Sent from my DROID RAZR using RootzWiki


----------



## eckdawg5

[sup]Accessory Swamp is developing an extended battery and backing for this IF there's enough interest in it. Go to this website: [sup]http://www.accessoryswamp.com/3500mah-extended-life-motorola-droid-razr-battery.html[/sup] and +1 it or like it. If they get enough likes/+1 they'll start cranking them out[/sup]


----------



## loooney2ns

I wonder what the extended battery looks like. Does it replace the oem battery or does it attach to the phone with some sort of case?

Sent from my DROID RAZR using RootzWiki


----------



## yurdle

loooney2ns said:


> I wonder what the extended battery looks like. Does it replace the oem battery or does it attach to the phone with some sort of case?
> 
> Sent from my DROID RAZR using RootzWiki


It would have to be a case.. not many people want to open their phone up.
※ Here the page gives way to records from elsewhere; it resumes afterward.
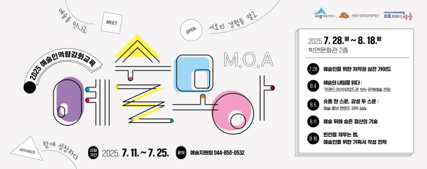 [충청뉴스 최형순 기자] 세종시문화관광재단(대표이사 박영국)은 지역 예술인들의 역량 강화를 위한 '2025 예술인역량강화교육 <예술, 모아(M.O.A)>' 참가자를 선착순으로 모집한다.
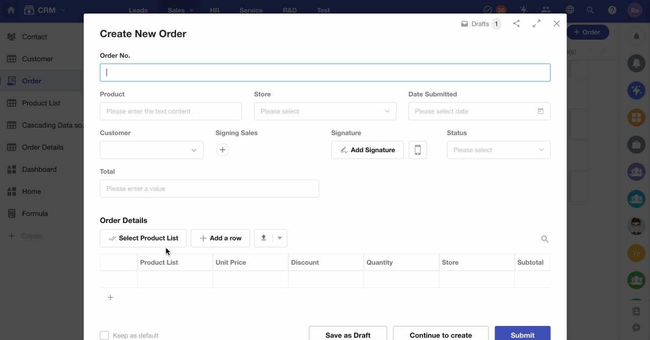 When adding order details:
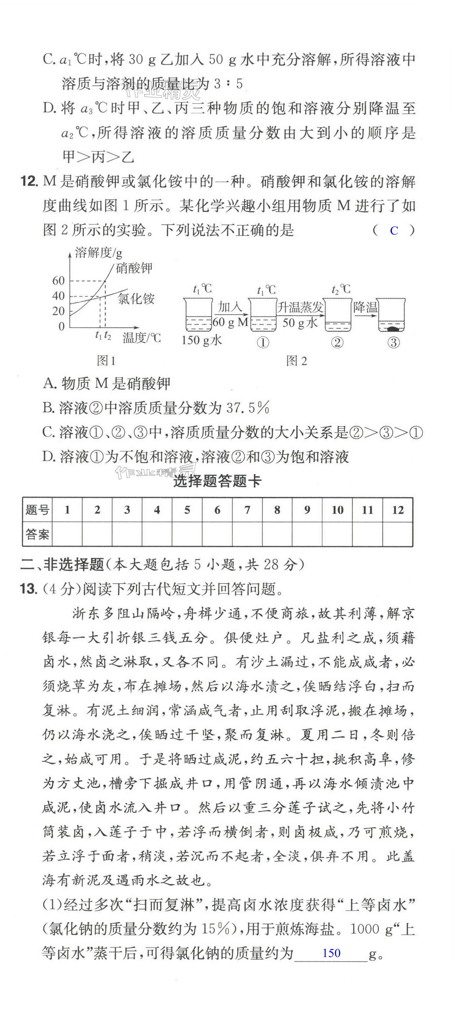 注:目前有些书本章节名称可能整理的还不是很完善,但都是按照顺序排列的,请同学们按照顺序仔细查找。练习册 2024年一本同步训练初中化学九年级下册人教版安徽专版 答案主要是用来给同学们做完题方便对答案用的,请勿直接抄袭。

Sent from my Amazon Kindle Fire using Tapatalk


----------



## eckdawg5

yurdle said:


> It would have to be a case.. not many people want to open their phone up.
> 
> Sent from my Amazon Kindle Fire using Tapatalk


what they're developing is a bigger backing to fit a bigger battery in...not sure of the ergonomics though


----------



## yurdle

eckdawg5 said:


> what they're developing is a bigger backing to fit a bigger battery in...not sure of the ergonomics though


Okay, guess you're right lol. Just finally looked at the link you posted. Not sure they will get enough people though. My understanding is that people would have to open up their phones as that alone would void the warranty(yes I know rooting does too, but many people get around that as they know root doesn't generally cause hardware related issues). I can also see less interest in this with the RAZR MAXX coming too. Though I am curious to know how their backing looks compared to the one on the MAXX


----------



## Captmilk

I love how thin the razr is that is one of the reasons I got it


----------



## Sporttster

I've got the cross hatched Moto clamshell case w/holster on mine now. Wonder if the MAXX one that is a bit thicker would work with this replacement batt and back? I really like the case and would like to keep it the same if the MAXX one will fit.


----------



## cphelps76

something i've been thinking about doing is ordering a replacement back for the razr maxx and a razr maxx battery and installing both on my razr...i wonder how viable that would be

Sent from my DROID RAZR using RootzWiki


----------



## eirikr88

It can be done according to this guy on XDA.
http://forum.xda-dev...zr+maxx+battery
Says that the swap leaves a gap at the sim card/sdcard door and the back cover, aside from that it works. Key is to swap battery and back cover.
Only problem is nobody can find the OEM parts yet for the maxx.


----------



## cphelps76

probably the easiet way to find the parts needed is to find a broken razr maxx online and use it as a doner for parts....i've seen a couple on ebay and a couple other sites around the web

Sent from my DROID RAZR using RootzWiki


----------



## eirikr88

Think I'll wait out OEM parts or a third-party solution. Even a broken Maxx will probably run a couple hundred depending on the broken parts.


----------



## cphelps76

im too impatient, just picked one up for $100

Sent from my DROID RAZR using RootzWiki


----------